His arms felt so good, so comforting, so right. How long had it been since a man had held her? The thought made her sob even harder as Dev walked her backward and to the left, and then backward again. She heard a ding and then they were inside an elevator.

“Not s’posed to be nice,” she howled into his jacket. “S’posed to be a d-d-d-dick.”

“I’m sorry to disappoint you,” Dev said, with just a quiver of humor in his voice. “I do my best.”

“S’posed to be a d-dick so I can yell at you!”

“I can see how my behavior frustrates you, then. I’m sorry.” He smoothed her hair, which disarmed her further, which produced more sobs, except they sounded like wild hog snorts on the inhale. Which was even more mortifying, if that were possible—which it wasn’t. But it was.

“So,” Dev said, his chest rumbling under her forehead. “Is it me in particular that you want to yell at … or will any old dick do?”

She only cried harder. He couldn’t possibly understand how painful the long months of withdrawal and rejection by Jack had been. How he’d changed under her very eyes from the man with whom she’d wanted to spend her life to a drug-addled internet-porn potato.

“I’m going out on a limb, here,” he continued, “but I’m going to guess that you’re very upset with some guy who isn’t here right now … so you decided to use me as a stand-in punching bag?”

“I’m sorry,” she wailed, punctuating the words with a great deal of mascara and—worse—snot. “I’m so sorry. You don’t deserve this.”

He actually kissed the top of her head. “If it makes you feel any better, sweetheart, I probably do. At least in terms of karma.”

She began to laugh, then, on top of the sobs, because she figured he was right, but that didn’t make her behavior any better.

She felt his hand cover hers, then take the purse back.

“I assume that you’re staying here in the hotel?”

She nodded, smearing more makeup onto his jacket.

“And that you have a key card to a room in here?”

She nodded again.

“If you’d care to tell me the number, then I can push the relevant elevator button and take you there.”

“Six-twelve,” she mumbled. “Thanks.”

He hit the button, keeping one arm still around her.
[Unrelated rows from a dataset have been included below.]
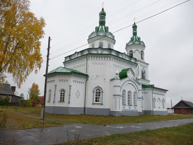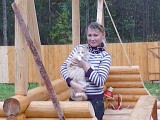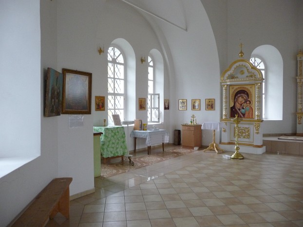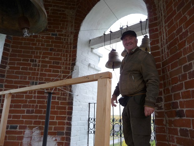 | Ich setze ein paar Tage mit der Jagd aus. Artöm fährt uns in der Gegend herum, zeigt uns eine schön restaurierte Kirche in der Nähe und ich darf gegen den Turnus die Kirchenglocken von Hand läuten, was großen Spaß macht. |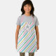 tablier Unicorne avec rayures en bleu, rose, vert, jaune et violet. Ajoutez le nom de votre enfant !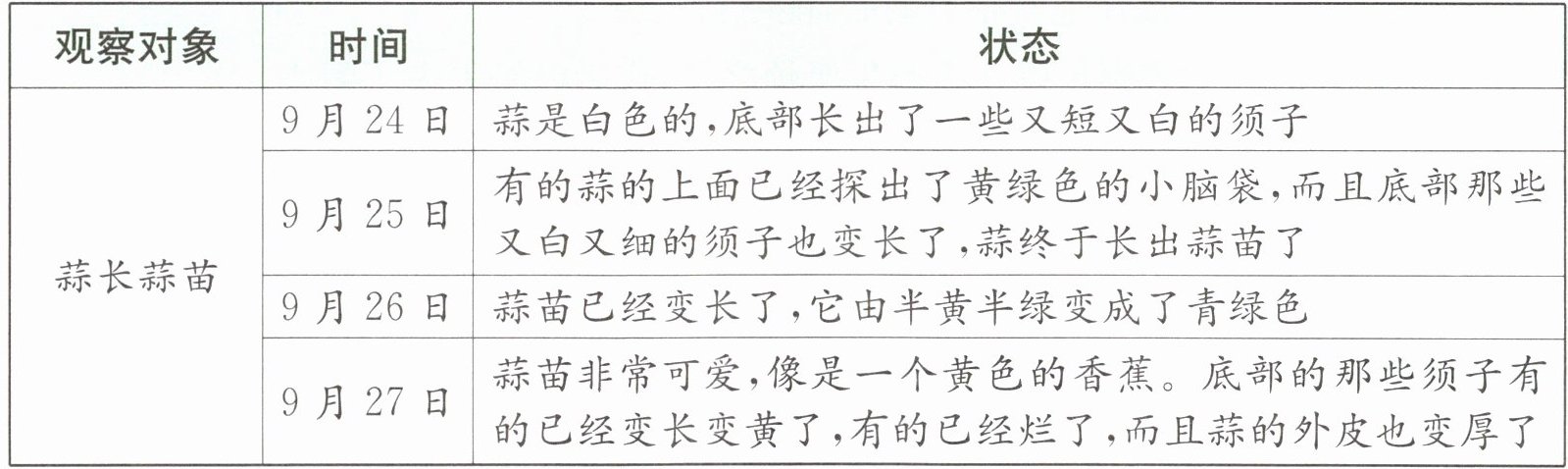 |观察对象|时间|状态(可从视觉、听觉、触觉、味觉入手)|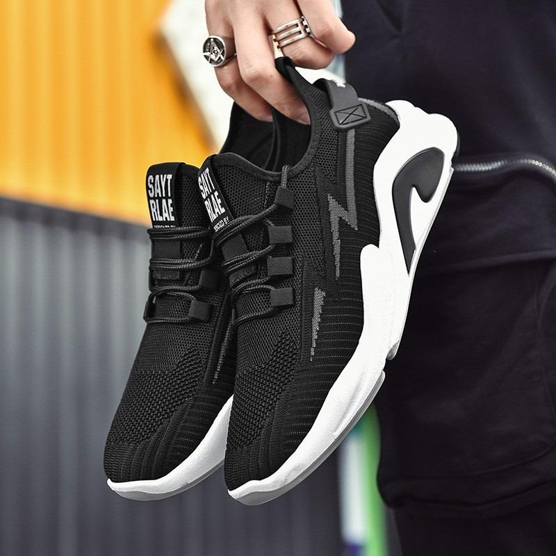 Summer New Men's Shoes Fly-woven Mesh Breathable and Lightweight Casual Shoes Lace-up Soft-soled Running Sneakers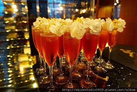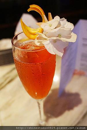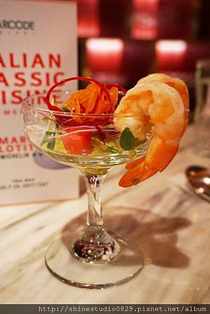 以雞尾酒杯當作盛裝的器皿,也呼應了在BARCODE餐酒會的氣氛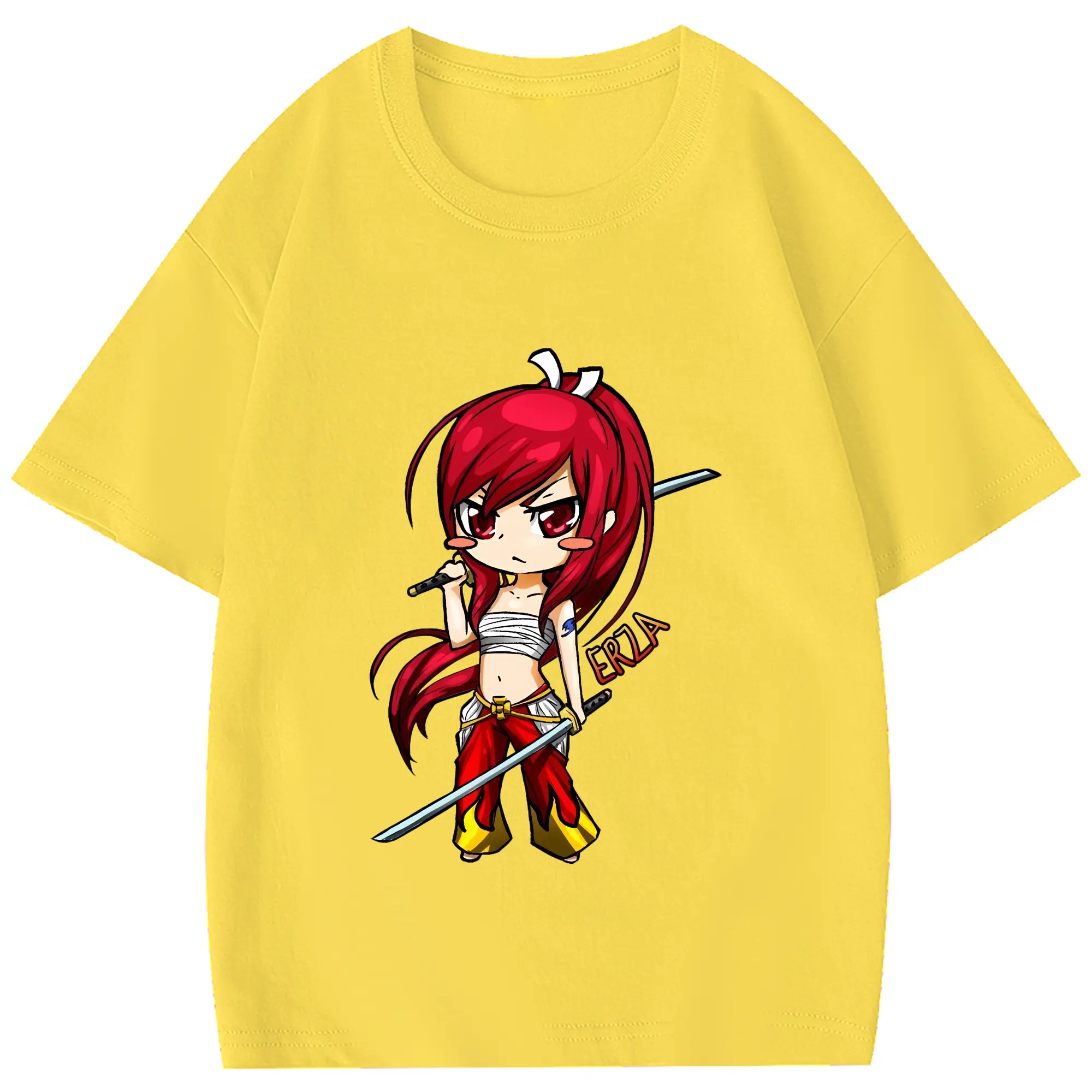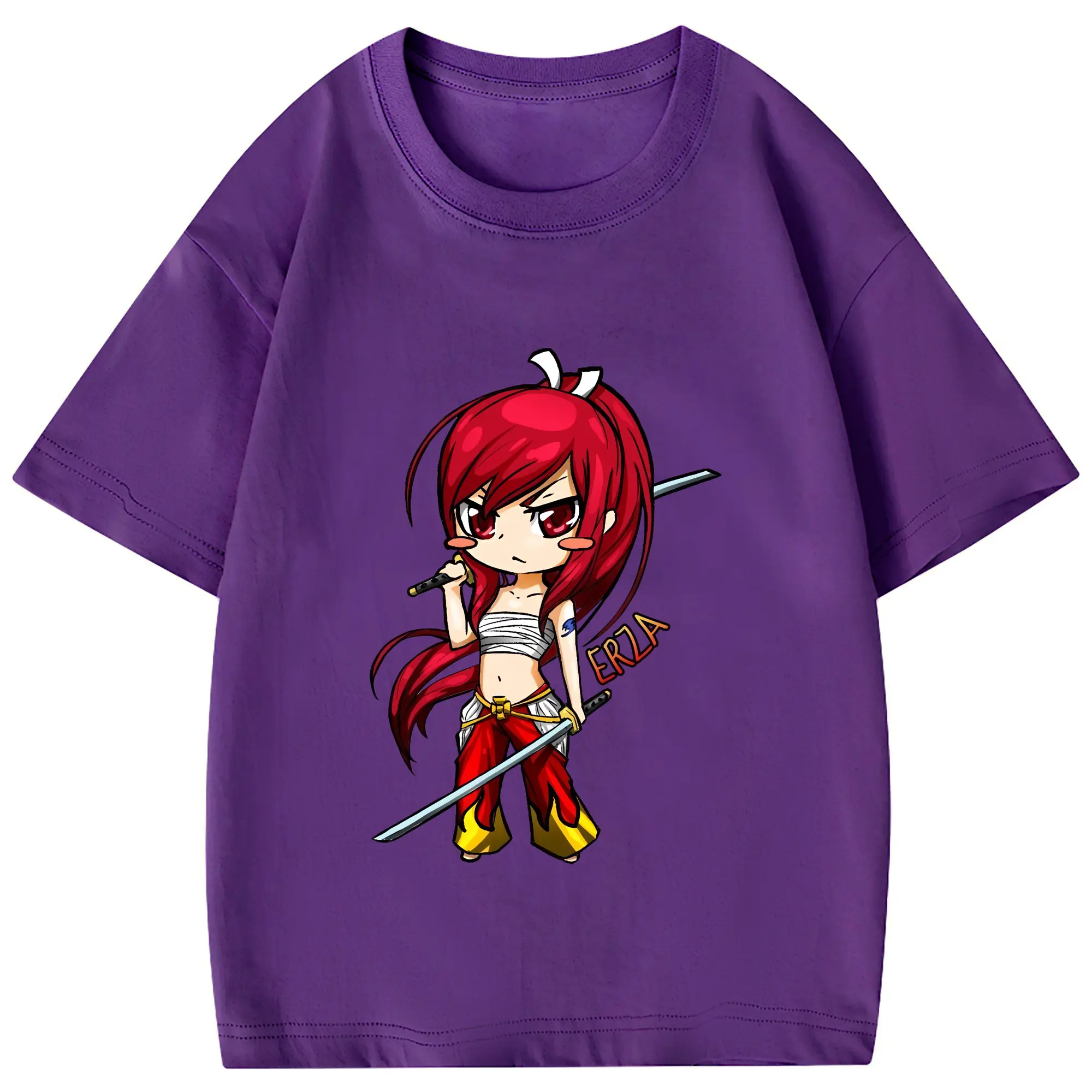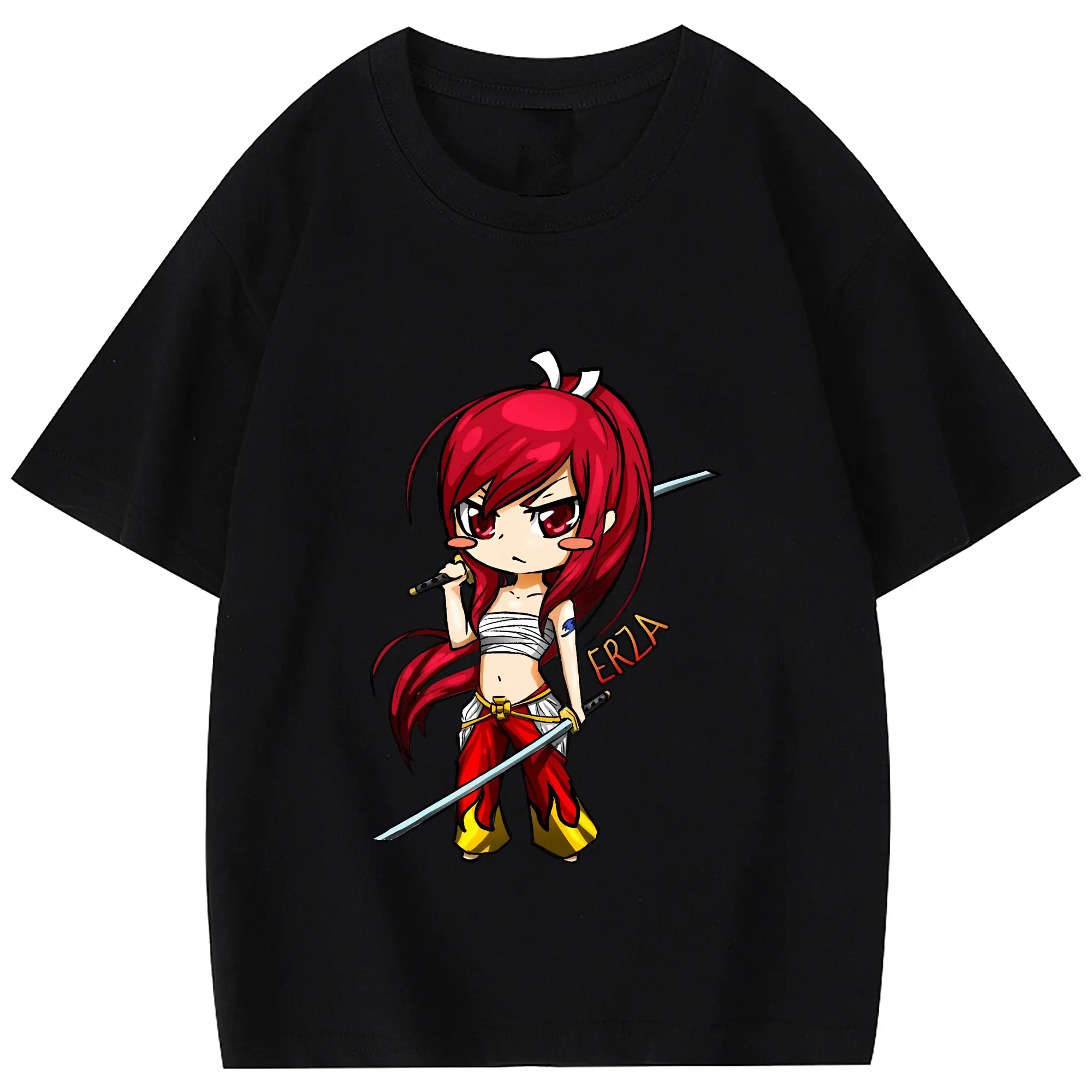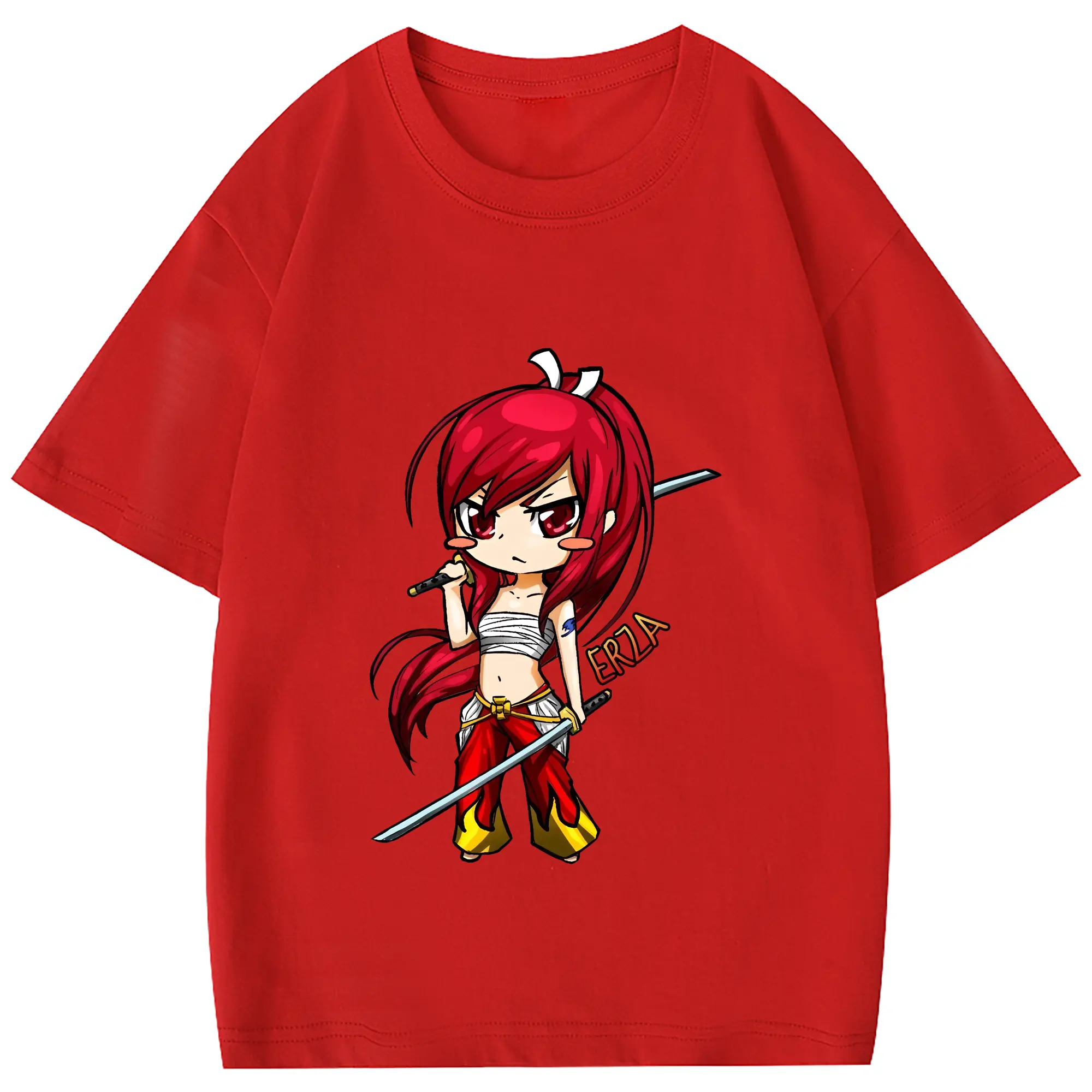 フェアリーテイル グッズ エルザ・スカーレット - 綿100% 半袖Tシャツ ・ フロントプリント ・ 快適 通気性 ・ 日常使い 散歩 スポーツ用

She was amazed and grateful.

The elevator rose, thankfully without anyone else trying to get on. They stepped out onto the sixth floor and her room was only a few short steps away.

Dev slid her card into the slot on the door and opened it for her. “There you go.”

She stepped out of his arms, feeling suddenly bereft, and went inside.

“Can I suggest a hot bath?” he asked.

Kylie smiled wanly.

“And maybe a bottle of wine from room service?”

She nodded.

“Okay, then.” He stepped forward, took her chin in his hand, and dropped a quick kiss on her mouth. “Whatever this is all about—this emotional storm—it will pass. You’re gonna be okay, Kylie. I promise.” Then he turned and headed for the door.

The spiked hair with the gel in it that she’d thought was too Miami-stud yesterday suddenly looked right on him. His shoulders filled out the black tuxedo jacket to perfection, and the posture that she’d dismissed as cocky … well, who’d have known that it disguised real empathy?

“Dev?” she asked tentatively.

He stopped. “Yeah.”

“How would you like to share that bottle of wine with me?”

He turned to face her, one eyebrow raised.

“Please?” she added.

He hesitated.

Perhaps it was underhanded, but she really didn’t want to be alone. So she fixed him with one of those you’re-the-only-man-who-can-save-me-from-certain-disaster looks.

“Hmm,” he said. Not yes.

“I swear not to hit you with anything.”

He grinned at that and seemed to relent. “Will you promise not to yell?”

She swallowed and pushed her hair out of her face, then struck a mock-sexy pose. “No. But I’ll save it for when you get to … you know … the good parts.”